* **Task directions**
All of the data should be repeated exactly; pictures are not part of the copy.

* **Collected data**
+++++

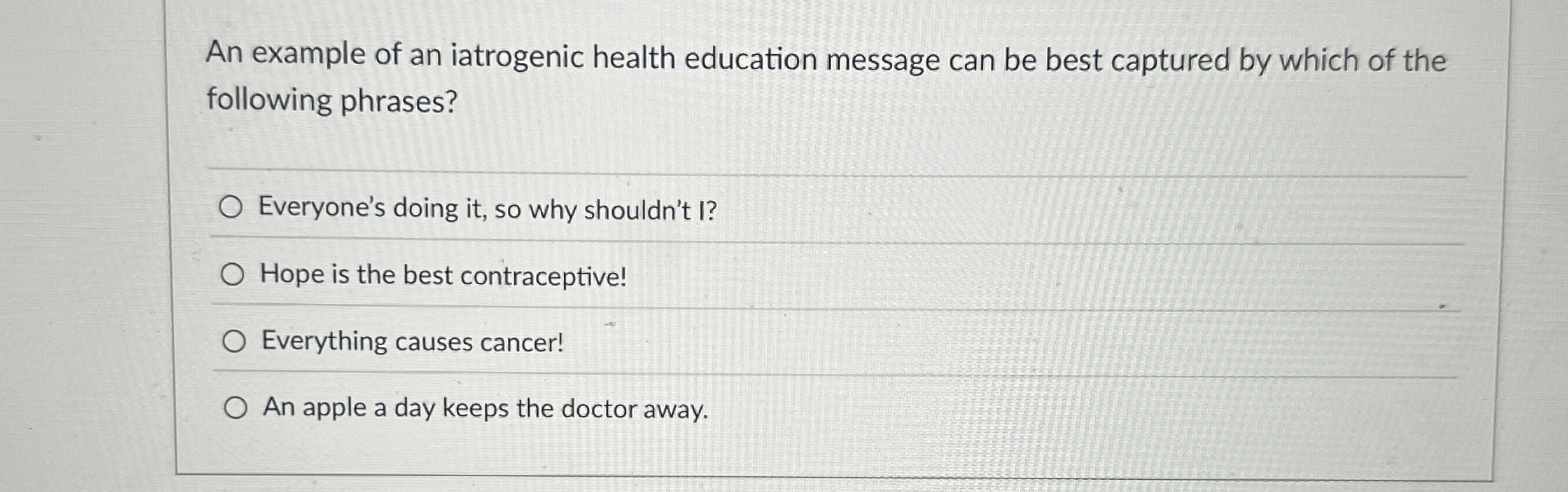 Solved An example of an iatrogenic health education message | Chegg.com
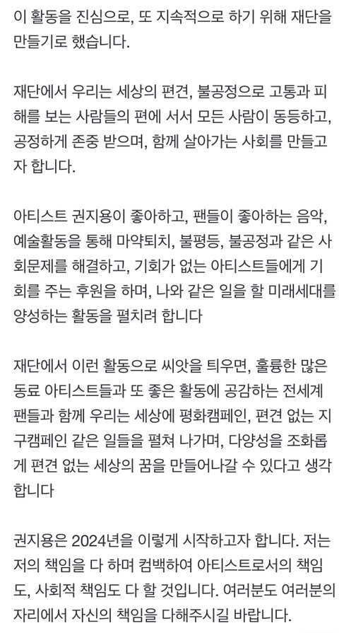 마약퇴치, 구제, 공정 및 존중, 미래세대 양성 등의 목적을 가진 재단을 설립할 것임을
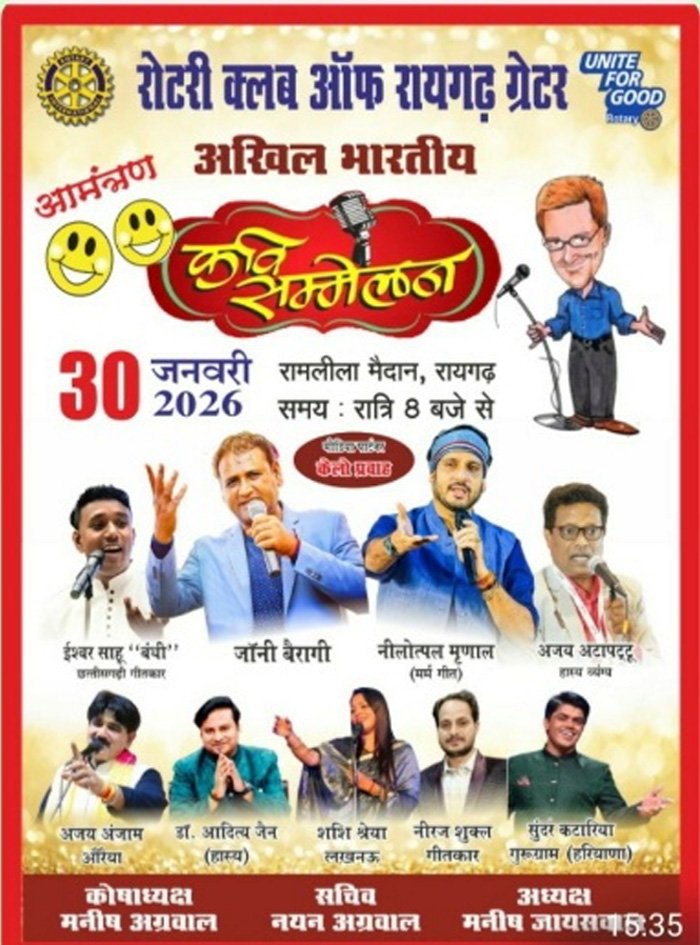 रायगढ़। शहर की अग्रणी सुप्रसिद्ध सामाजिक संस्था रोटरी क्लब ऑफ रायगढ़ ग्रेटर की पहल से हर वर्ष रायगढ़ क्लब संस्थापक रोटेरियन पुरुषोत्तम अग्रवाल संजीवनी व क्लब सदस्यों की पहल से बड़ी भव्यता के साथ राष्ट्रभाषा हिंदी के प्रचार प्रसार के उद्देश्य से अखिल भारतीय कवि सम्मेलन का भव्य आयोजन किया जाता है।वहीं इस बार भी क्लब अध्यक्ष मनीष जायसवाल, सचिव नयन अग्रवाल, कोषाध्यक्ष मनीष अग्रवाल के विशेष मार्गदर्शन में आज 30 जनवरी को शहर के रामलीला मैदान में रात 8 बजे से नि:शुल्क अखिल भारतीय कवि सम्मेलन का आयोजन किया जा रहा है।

+++++

* **Reply**
 Solved An example of an iatrogenic health education message | Chegg.com
 마약퇴치, 구제, 공정 및 존중, 미래세대 양성 등의 목적을 가진 재단을 설립할 것임을
 रायगढ़। शहर की अग्रणी सुप्रसिद्ध सामाजिक संस्था रोटरी क्लब ऑफ रायगढ़ ग्रेटर की पहल से हर वर्ष रायगढ़ क्लब संस्थापक रोटेरियन पुरुषोत्तम अग्रवाल संजीवनी व क्लब सदस्यों की पहल से बड़ी भव्यता के साथ राष्ट्रभाषा हिंदी के प्रचार प्रसार के उद्देश्य से अखिल भारतीय कवि सम्मेलन का भव्य आयोजन किया जाता है।वहीं इस बार भी क्लब अध्यक्ष मनीष जायसवाल, सचिव नयन अग्रवाल, कोषाध्यक्ष मनीष अग्रवाल के विशेष मार्गदर्शन में आज 30 जनवरी को शहर के रामलीला मैदान में रात 8 बजे से नि:शुल्क अखिल भारतीय कवि सम्मेलन का आयोजन किया जा रहा है।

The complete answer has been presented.